Одиннадцатого января ему предстояло важное событие – доклад на международной антропологической конференции, посвященной фундаментальным качествам биологической ценности человека. Все эти месяцы, прошедшие с июля, Ушаков старался заниматься исключительно практическими делами: продажей дедовского дома, упаковкой картин и книг, поиском квартиры в Нью-Йорке, восстановлением профессиональных контактов. И все вроде вдруг начало получаться. Он в значительной степени перекрыл кислород, идущий к душе, и душа начала задыхаться. Но поскольку это ее состояние плохо сказывается на жизни всего организма, Ушаков обманывал себя тем, что был вечно в делах, которые поддерживали его телесную жизнь настолько интенсивно, что даже болезнь души шла почти не замеченной. На двери его рабочего кабинета висела табличка «Doctor Ushakoff». Табличка эта ненавязчиво дополняла достойный облик пятидесяти с небольшим, весьма привлекательной наружности, задумчивого человека, выросшего в Париже, в семье белых эмигрантов. (История, значит, в наличии тоже!) А сам он – в прекрасном пальто, белоснежной рубашке.
Именно таким – в прекрасном широком пальто, с шарфом, небрежно засунутым в карман этого пальто и оттопырившим его, – ровно в девять часов утра Doctor Ushakoff вошел в зал, где столы были сервированы к завтраку, кипел в серебристых кофейниках кофе и оживленно-сдержанный гул разговоров, теплом и приветом разлившийся в воздухе, казалось, имел тот же вкус, что и сливки. Ушакова тотчас же окликнули, и тотчас же, привычно улыбаясь уголками губ, он бросил свое пальто на спинку стула, подсел к знакомым, намазал хрустящую булочку маслом. Он вел себя так, как будто содержание доклада, который он собирался произнести сразу же после того, как закончится завтрак и все перейдут в другой зал с расставленными стульями и большой грифельной доской, – содержание, стоившее ему много сил и истерзавшее его, не имеет к нему самому, спокойному, слегка задумчивому и в меру приветливому человеку, никакого отношения. Но именно это и было неправдой. То, что Ушаков собирался сейчас, дожевав свою булочку и вытерев салфеткой губы, произнести, не только имело к нему самое прямое отношение, но, более того, появилось исключительно благодаря тем переживаниям, которые жили внутри самого Ушакова, как рыбы живут подо льдом водоема. Тема сегодняшнего выступления его на конференции была обозначена следующим образом: «Личностный статус покаяния как проблема философской антропологии». На каждый доклад полагалось от двадцати пяти до тридцати минут, и Ушаков понимал, что он ни за что в этот срок не уложится.
– Философия, – сказал он, надевая очки и раскрывая лежащие перед ним листы напечатанного текста, – это интеллектуальная авантюра, которая набирает материал за пределами индивидуального человеческого «я» и вроде бы не связана с ним напрямую.

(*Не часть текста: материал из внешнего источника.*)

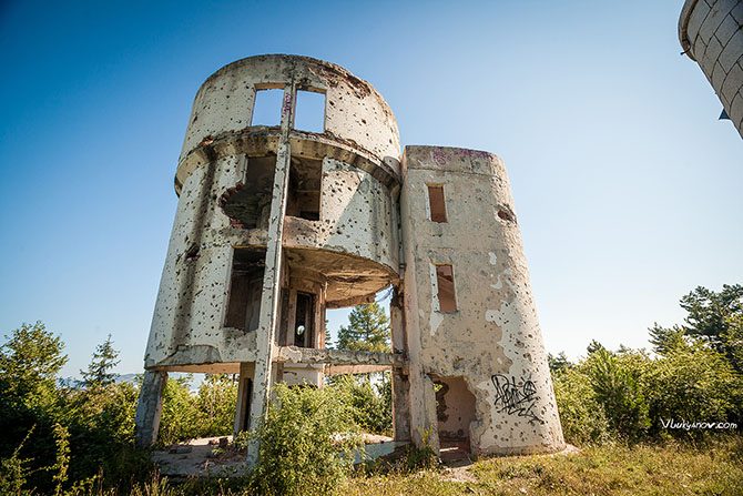 Когда мы вернулись на исходную позицию к арке с надписью «GRO BOSNA SARAJEVO», мы планировали вернуться в город, как вдруг заметили, новый поворот дороги по которой мы пришли. В направлении нового пути виднелись какие-то здания. На одно полуразрушенное я залез. Оттуда открывается хороший вид на окрестности. И на соседний домик.
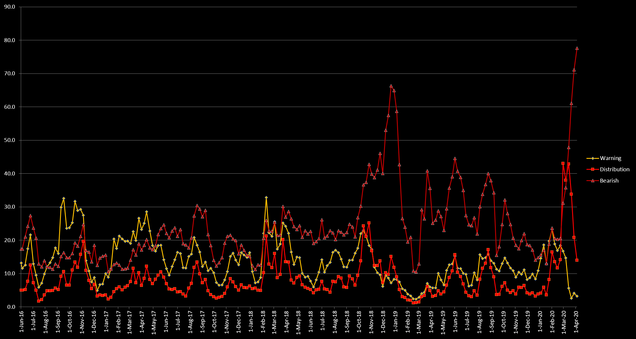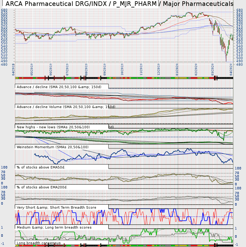 Fate does not always let you fix the tuition fee. She delivers the educational wallop and presents her own bill - Reminiscences of a Stock Operator. RE: Stan Weinstein's Stage Analysis and Market Breadth - Technical Analysis(2020-04-02, 09:41 PM)isatrader Wrote:(2020-04-02, 09:26 PM)pcabc Wrote: Another batch with strong relative strength Isa, apologies. I get rather carried away. If that is not obvious. If it helps they perhaps could be moved or removed if it confuses the issue. Anyway, moving on... The most obvious theme is major biotechs pharmaceuticals and biotechnology. That barely need stating, I would think. However, I calculate my own breadth data, and I look at this area. But desipte stunning moves I see not hint in the breadth for either. This is most odd. Similar in healthcare. I make no claim that my calculations are perfect, but they should give some approximation. I wonder if I am drilling down into the wrong area? I will investigate. The breadth for gold miners is improving. A/D is still at lows. A/D volume is flattish after an increase. I wonder if I have an upward bias in my a/d volume calculations, but I cannot track one down. The main improvements are that new highs minus new lows are around zero having increased from the negative zone and the percentages of stocks above the 50 and 200 day EMAs are about to leave the oversold area perhaps. Other than this it looks pretty bleak for all the US sectors. So I need to see if I have anomalies, perhaps recalculate my numbers and see if I can drill into very specific areas. RE: Stan Weinstein's Stage Analysis and Market Breadth - Technical AnalysisSectors that are showing up, based on momentum Code: Tag (sector etc) , No., % of tags RE: Stan Weinstein's Stage Analysis and Market Breadth - Technical AnalysisAttached are the updated charts of the RABWDB Indicator, Individual Phases, SP500 RABWDB, SP400 RABWDB and SP600 RABWDB. RE: Stan Weinstein's Stage Analysis and Market Breadth - Technical AnalysisAttached are the updated charts of the US Stock Market Survey Indicator, Individual Stages, SP500 Survey, SP400 Survey and SP600 Survey. RE: Stan Weinstein's Stage Analysis and Market Breadth - Technical Analysis(2020-04-05, 09:50 AM)grbaNT Wrote: Attached are the updated charts of the US Stock Market Survey Indicator, Individual Stages, SP500 Survey, SP400 Survey and SP600 Survey. Thanks for this, as always, appreciated. Can you clarify a little? Volatility dropped somewhat last week and if that continues in the coming weeks, maybe we will see individual stocks creating patterns and, generally, we can begin to trade on technicals after a lengthy period where market environment was good only for day trades. Regarding 'only good for day trades', do you mean the lengthy period up and including February or the March decline? Anyway, of volatility becomes more sensible we will better know where we are. |
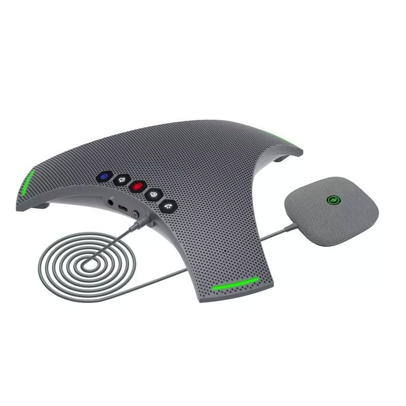 Hybrid conference phone with intuitive interface. OmniSound audio technology brings a natural sense of presence to the dialog. Suits everything from small to extra large meeting rooms, thanks to optional Konftel Smart Microphones and daisy-chain capabilities. Konftel 800 brings true delight to all kinds of distance meetings.
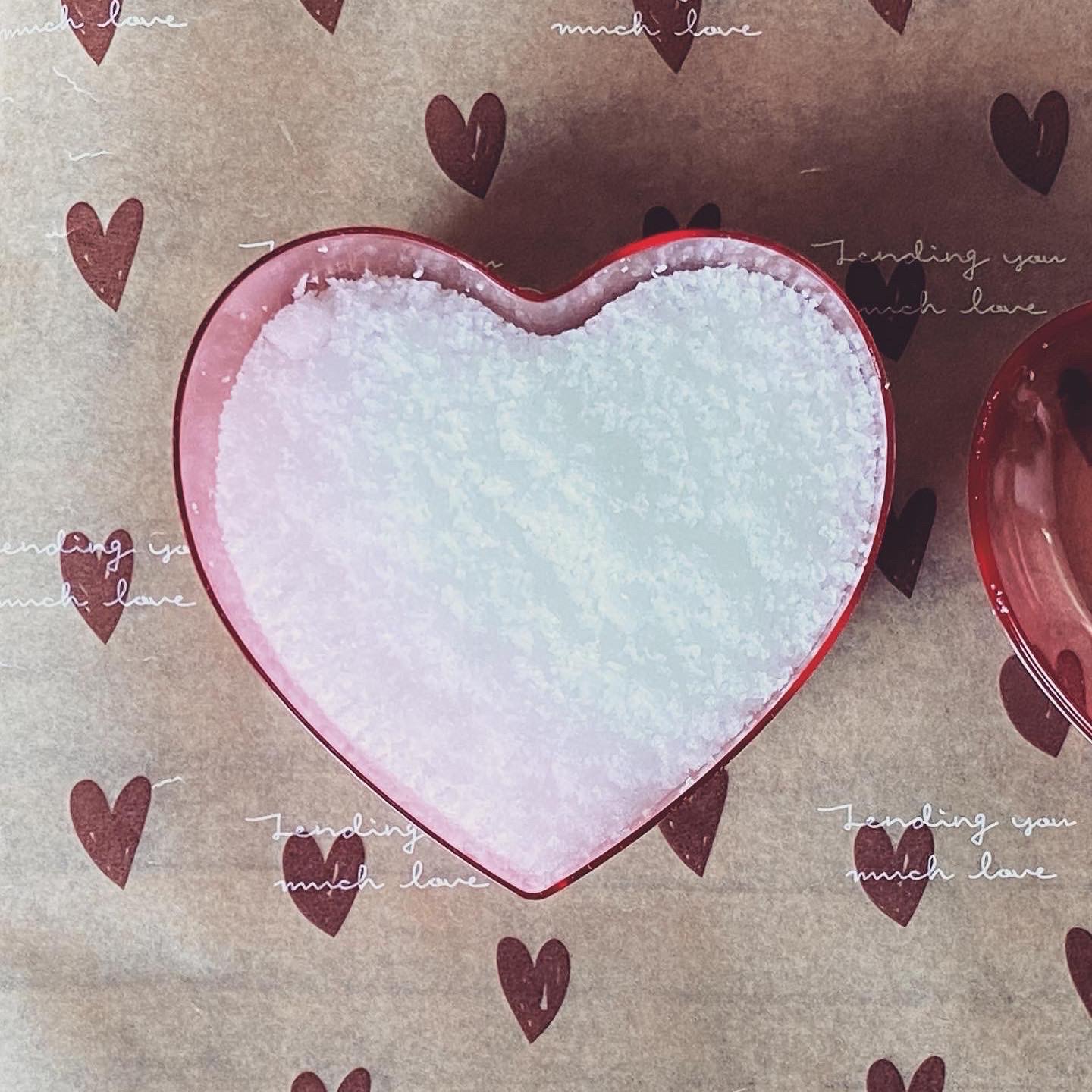 ハート型の容器に入っているのは・・・なんと沖の潮!雪のように真っ白でキラキラしていて、まっさらな愛を表現しているようです(・・と書いてて笑ってしまいますが)。
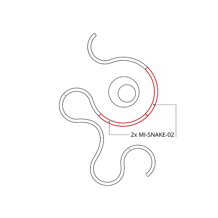 Oblúkové stropné LED svietidlo KLUŚ MI-SNAKE-02 je súčasťou unikátneho systému MIFOR. Inšpiráciu jeho špičkové modularity a variability v dĺžke, tvaru aj rozmiestnenia svetelných prvkov môžete načerpať v #tablink#videa#produktovom videu##. Tento systém je ideálny pre tvorbu polygonálnych zvesených stropných svietidiel, prispôsobených konkrétnym požiadavkám investora.
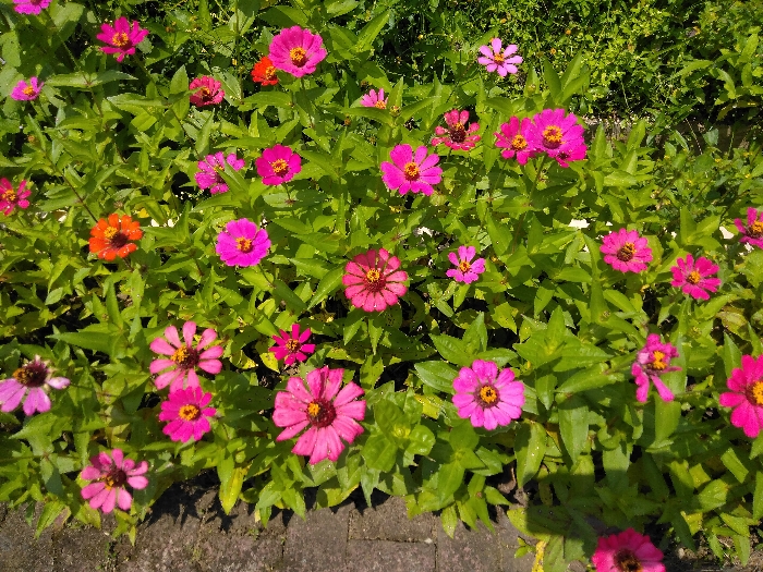 Located in Nathene, Laos, this image presents a high-angle view of a dense patch of flowering plants, primarily Zinnia species. The scene is dominated by numerous magenta and fuchsia flowers, each featuring multiple layered petals surrounding a prominent yellow-orange central disk. Scattered among these are a few vibrant orange flowers of similar morphology. The blossoms are interspersed within a lush bed of bright green, ovate to lanceolate leaves, some appearing to have small water droplets. The plants are well-lit by direct sunlight, casting subtle shadows. Along the bottom edge of the frame, a dark gray paved surface, possibly composed of bricks or concrete, is visible, indicating the boundary of the garden bed. No individuals, specific actions, or overt interactions are present in the frame. The immediate background consists of blurred green foliage.
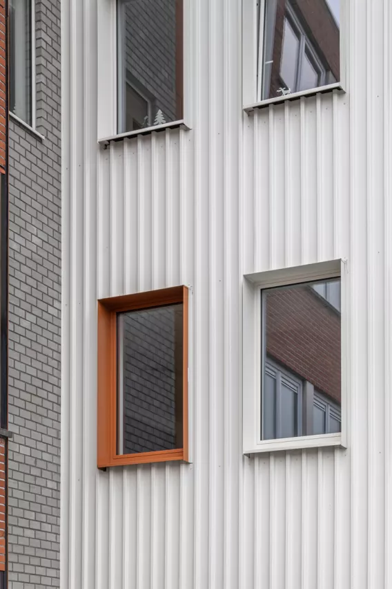 Het zwevend deel boven de brandweg dat wordt ingeplugd in de uitbreiding wordt extra benadrukt door een andere gevelmaterialiteit in geprofileerde staalplaat, dan de betonsteen gevelafwerking van de getrapte basisvorm van de uitbreiding. Grote ramen snijden zich zorgvuldig uit het strakke volume en zorgen voor maximale lichtinval in de klasruimtes. Aangezien het bestaande gebouw al een opvallende rood-roest kleur heeft, werd de uitbreiding ingetogen opgesteld om contrast en rust te brengen. Toch werd er op subtiele wijze gespeeld met enkele roestkleurige accenten in het buitenschrijnwerk en in het poortgeheel. De slim gekozen kleuraccenten werden binnen herhaald en ontplooid om de juiste basis te voorzien waarop iedere leerkracht zijn eigen toets kan aanbrengen.
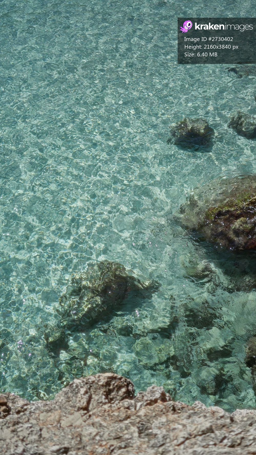 Clear turquoise water gently laps over rocky shoreline in idyllic mallorca beach setting under bright sunlight.
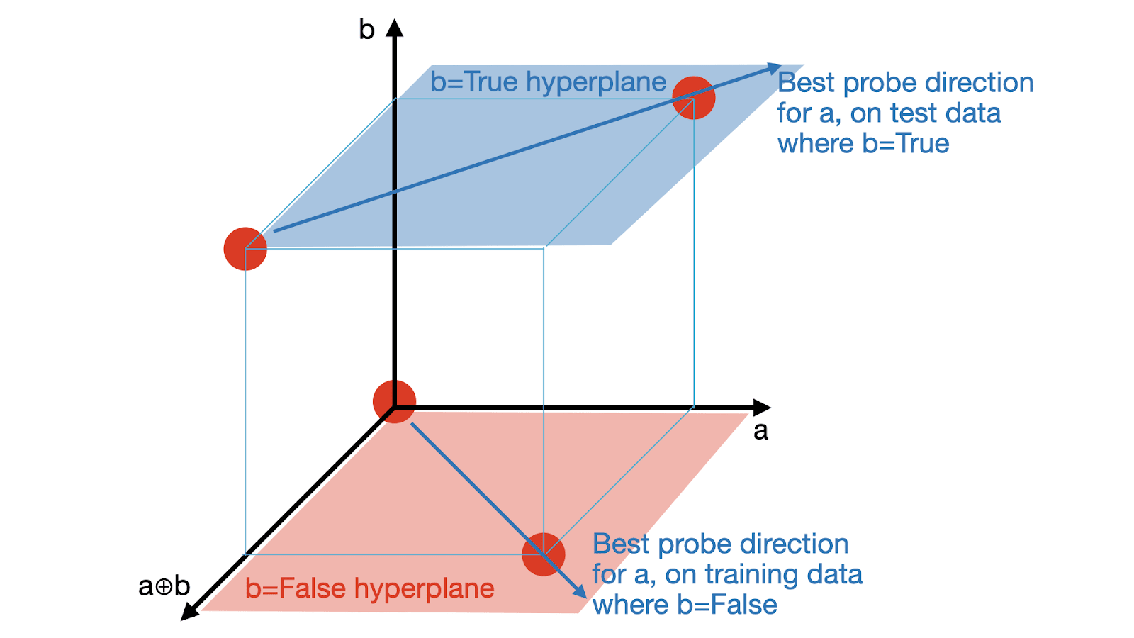 The issue with the above argument is that the direction learned by the probe won’t align with either the a direction or the direction, but will be a linear combination of the two. So here’s how to make the above argument properly: let’s assume that the directions representing a, b, and are orthogonal and the variation along these directions is equal (i.e. all of the features are “equally salient”). Then as shown by the figure below, logistic regression on the train set would learn the direction where is the direction representing a feature f. But this direction gets 50% accuracy on the test set.
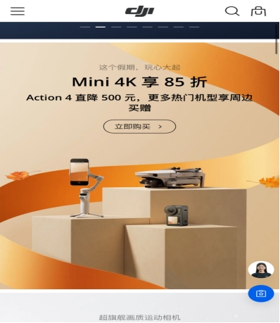 記者注意到,10月9日上午大疆官網首頁顯示有“Mini4K享85折 Action 4直降500元,更多熱門機型享周邊買贈”的活動信息。而當日下午記者再次瀏覽,已不見該活動信息。
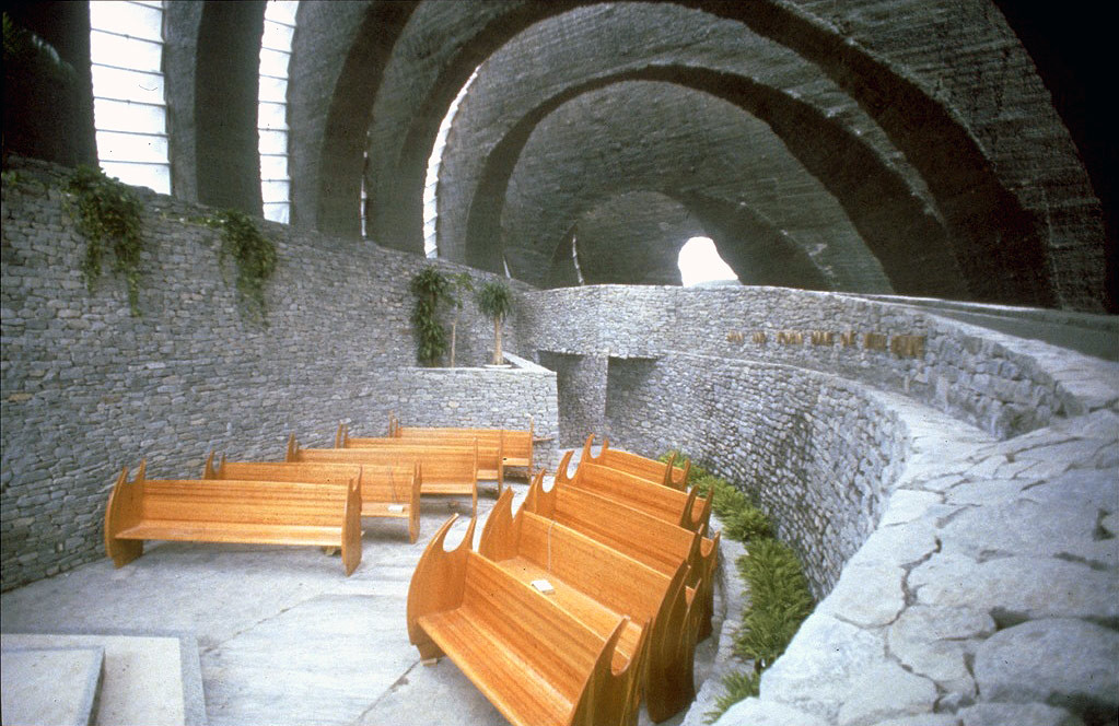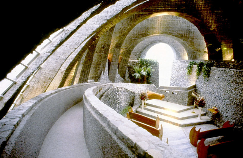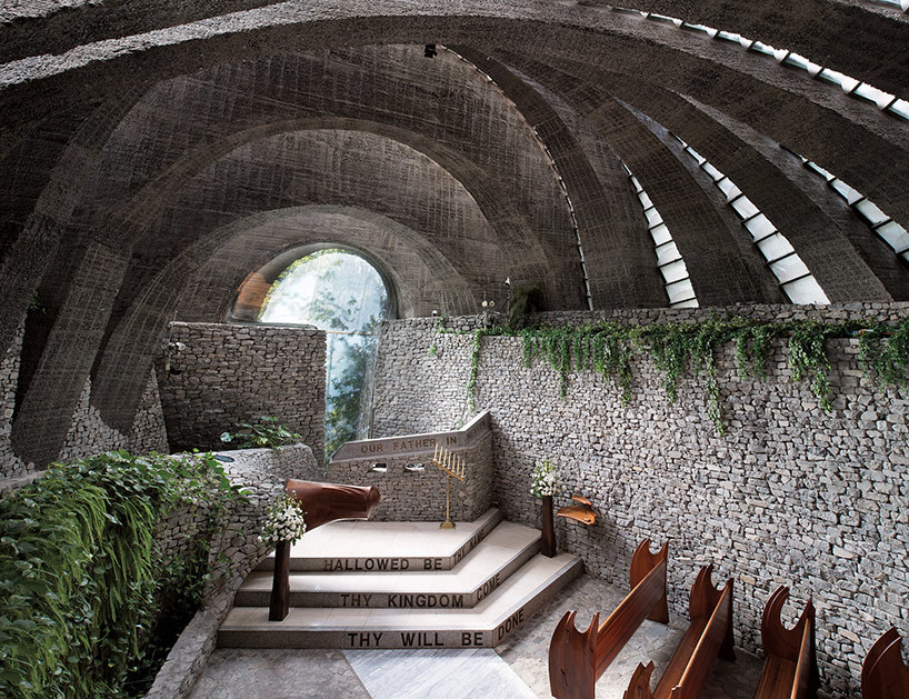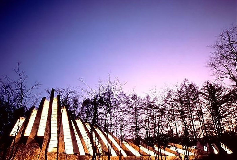 日本长野市,建筑师肯德里克·凯洛格(Kendlog Kellogg)创建了一处独一无二的教堂。许多装配着玻璃板的约柜形状的单元组成了建筑物的穹顶。设计师以这种结构表现建筑的轻盈感和圣光的温暖。

Но это только кажется. Наличие этого «я» и есть непременное условие любого философского вывода и положения.
…он снял очки и почувствовал себя так, как это бывало в детстве, в летнем разведческом лагере, где они с Иллариошей Воронцовым соревновались в храбрости: нужно было с максимальной скоростью домчаться на велосипеде к самому краю обрыва и успеть остановиться на самом краю так резко, что вокруг начинала немного дымиться трава.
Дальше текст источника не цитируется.